Teacher-Student Conflicts

“How was Mrs. James today?”

“I swear she picks on me.  She always comes over to see what I am doing and calls on me, hoping I don’t know the answer.  I wish she would focus on the other kids in the room.”

The greatest critic of a teacher is a student.  Opinions are stated in polar opposites, such as “mean” or “too friendly,” “hands-off” or “overly helpful.” Listening to a child discuss his or her day may not expose the problem, only feelings.  Before a student arrives at the point of giving up, consider an intervention.  Every day a student maintains a negative attitude toward either a class or a teacher, the effect is a regression.

What is going on? 

While parents are listening to the problems potentially labeled by the student as “unfairness,” “a harsh tone,” “information too hard to understand,” or “yelling,” it is essential to learn the other side of the story.  A child who says, “Myteacher doesn’t like me.”may feel defiant for being caught while talking or writing notes, doodling or daydreaming.   Another cause for blaming the teacher may be due to the student’s struggling through a difficult subject.

Open Communication

It is easier to broach difficult questions when a parent has established communication.  By e-mailing questions periodically or updates on the progression of nightly homework sessions, teachers can glean an understanding of what is valuable to parents, as well as of homework difficulties.  While teachers are busy, they want to establish a triangle of communication with students and parents; therefore, start with an e-mail.  Approach the conversation without personal criticism. The goal is to understand the situation. Begin by sharing your child’s story. It is important not to show a side until a response arrives.

Tip: since a parent should never go by themselves to a face-to-face meeting, consider adding a spouse or family member to ongoing teacher communications and meetings.   School staff may need to be included, such as the principal, a guidance counselor, or student advocate.

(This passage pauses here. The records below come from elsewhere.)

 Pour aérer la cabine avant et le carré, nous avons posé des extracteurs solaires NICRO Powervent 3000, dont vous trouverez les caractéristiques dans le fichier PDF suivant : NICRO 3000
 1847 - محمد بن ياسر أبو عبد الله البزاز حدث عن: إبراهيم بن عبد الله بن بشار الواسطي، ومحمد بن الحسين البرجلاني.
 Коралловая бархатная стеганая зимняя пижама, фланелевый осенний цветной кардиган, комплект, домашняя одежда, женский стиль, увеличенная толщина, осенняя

Tip:  Every year, parents should create a file for all e-mailed communication to and from each of your child’s teachers. In fact, aftereach appointment, e-mail, and phone call, it is vital to keep a record of your contacts and correspondence.In case of a problematic situation, parents then already possess documentation identifying specific dates and the nature of the transaction from communication.

 Personality Differences

Not all children can learn from a strict or sweetly nice teacher.  Learning how to connect with difficult people is part of the challenge in relationships.  While it may be a classroom teacher today, tomorrow it could be a professor, manager, or new boss.  Before requesting a change of classroom, consider alternative solutions.

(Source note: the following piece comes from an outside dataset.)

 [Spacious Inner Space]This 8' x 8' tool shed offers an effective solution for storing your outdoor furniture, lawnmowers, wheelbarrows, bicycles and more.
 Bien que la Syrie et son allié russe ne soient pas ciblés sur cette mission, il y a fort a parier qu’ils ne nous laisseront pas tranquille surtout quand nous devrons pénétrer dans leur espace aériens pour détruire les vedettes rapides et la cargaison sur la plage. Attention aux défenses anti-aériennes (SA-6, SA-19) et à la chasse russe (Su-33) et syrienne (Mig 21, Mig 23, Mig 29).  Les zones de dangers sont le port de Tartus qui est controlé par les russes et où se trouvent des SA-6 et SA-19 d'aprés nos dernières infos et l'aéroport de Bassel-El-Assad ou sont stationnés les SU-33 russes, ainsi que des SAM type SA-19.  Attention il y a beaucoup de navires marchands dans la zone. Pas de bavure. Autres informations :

Supporting school and classroom rules is every student’s primary function.  Despite personal feelings about a teacher, communication is a solution.  Encourage your child to have a meeting with the teacher, perhaps with at least one parent or student advocate present.

  • All students are accountable for their actions. Teachers and students can work together by making a viable plan.  The solution may involve after-school tutoring or addressing the rules of being respectful.
  • Every opportunity to experience a challenging individual is also a learning opportunity. There will be numerous teachers, coaches, colleagues, and managers who have different personalities and temperaments, as well as communication styles.  It is a question of learning how to maintain respect while completing a task or job.

Just remember, everyone has a weakness.  Anger or strictness may be a defense mechanism for grief or personal difficulty.  Students are not the only ones who can have a bad day or year.

Student Advocate

A guidance counselor or a former teacher may be the perfect advocate for your child.  A connection could occur based on need, perhaps for a few minutes every morning, or twice weekly.  When parents do not want to be instrumental in solving school difficulties, a trusted advocate could boost morale, offer guidance, or participate in a teacher-student meeting if the need arises.

A difficult teacher-student relationship is never hopeless. The goal is to address the issues to ensure your child can learn, participate, and grow in a subject area. While the year may have its high and low peaks, continue to communicate with your child’s teachers and advocates.